By switching to rwlock_t, taking mmu_notifier_slots_lock doesn't have to depend
on mmu_notifier_range_blockable(), and the must_lock path also goes away.
quoted
quoted
quoted
+#if defined(CONFIG_MMU_NOTIFIER) && defined(KVM_ARCH_WANT_MMU_NOTIFIER)
+	down_write(&kvm->mmu_notifier_slots_lock);
+#endif
  	rcu_assign_pointer(kvm->memslots[as_id], slots);
+#if defined(CONFIG_MMU_NOTIFIER) && defined(KVM_ARCH_WANT_MMU_NOTIFIER)

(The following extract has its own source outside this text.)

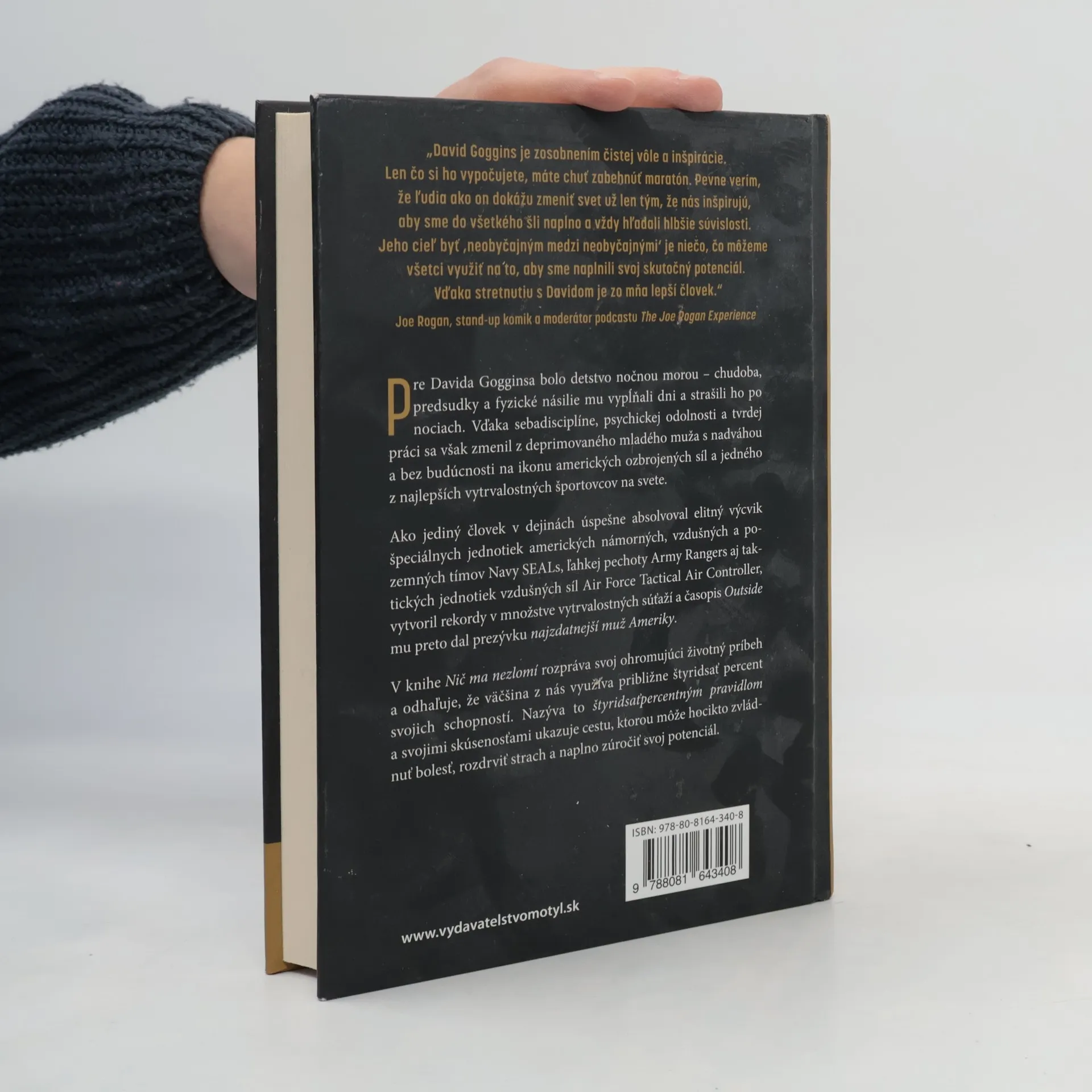 V knihe Nič ma nezlomí rozpráva David svoj ohromujúci životný príbeh a odhaľuje, že väčšina z nás využíva približne štyridsať percent svojich schopností. Nazýva to štyridsaťpercentným pravidlom a svojimi skúsenosťami ukazuje cestu, ktorou môže hocikto zvládnuť bolesť, rozdrviť strach a naplno zúročiť svoj potenciál.Pre Davida Gogginsa bolo detstvo nočnou morou - chudoba, predsudky a fyzické násilie mu vypĺňali dni a strašili ho po nociach. Vďaka sebadisciplíne, psychickej odolnosti a tvrdej práci sa však zmenil z deprimovaného mladého muža s nadváhou a bez budúcnosti na ikonu amerických ozbrojených síl a jedného z najlepších vytrvalostných športovcov na svete.

+	up_write(&kvm->mmu_notifier_slots_lock);
+#endif
Please do this unconditionally, the cost is minimal if the rwsem is not
contended (as is the case if the architecture doesn't use MMU notifiers at
all).
It's not the cost, it's that mmu_notifier_slots_lock doesn't exist.  That's an
easily solved problem, but then the lock wouldn't be initialized since
kvm_init_mmu_notifier() is a nop.  That's again easy to solve, but IMO would
look rather weird.  I guess the counter argument is that __kvm_memslots()
wouldn't need #ifdeffery.
Yep.  Less #ifdefs usually wins. :)
quoted
These are the to ideas I've come up with:

Option 1:
	static int kvm_init_mmu_notifier(struct kvm *kvm)
	{
		init_rwsem(&kvm->mmu_notifier_slots_lock);

	#if defined(CONFIG_MMU_NOTIFIER) && defined(KVM_ARCH_WANT_MMU_NOTIFIER)
		kvm->mmu_notifier.ops = &kvm_mmu_notifier_ops;
		return mmu_notifier_register(&kvm->mmu_notifier, current->mm);
	#else
		return 0;
	#endif
	}
Option 2 is also okay I guess, but the simplest is option 1 + just init it
in kvm_create_vm.
Arr.  I'll play around with it to try and purge the #ifdefs.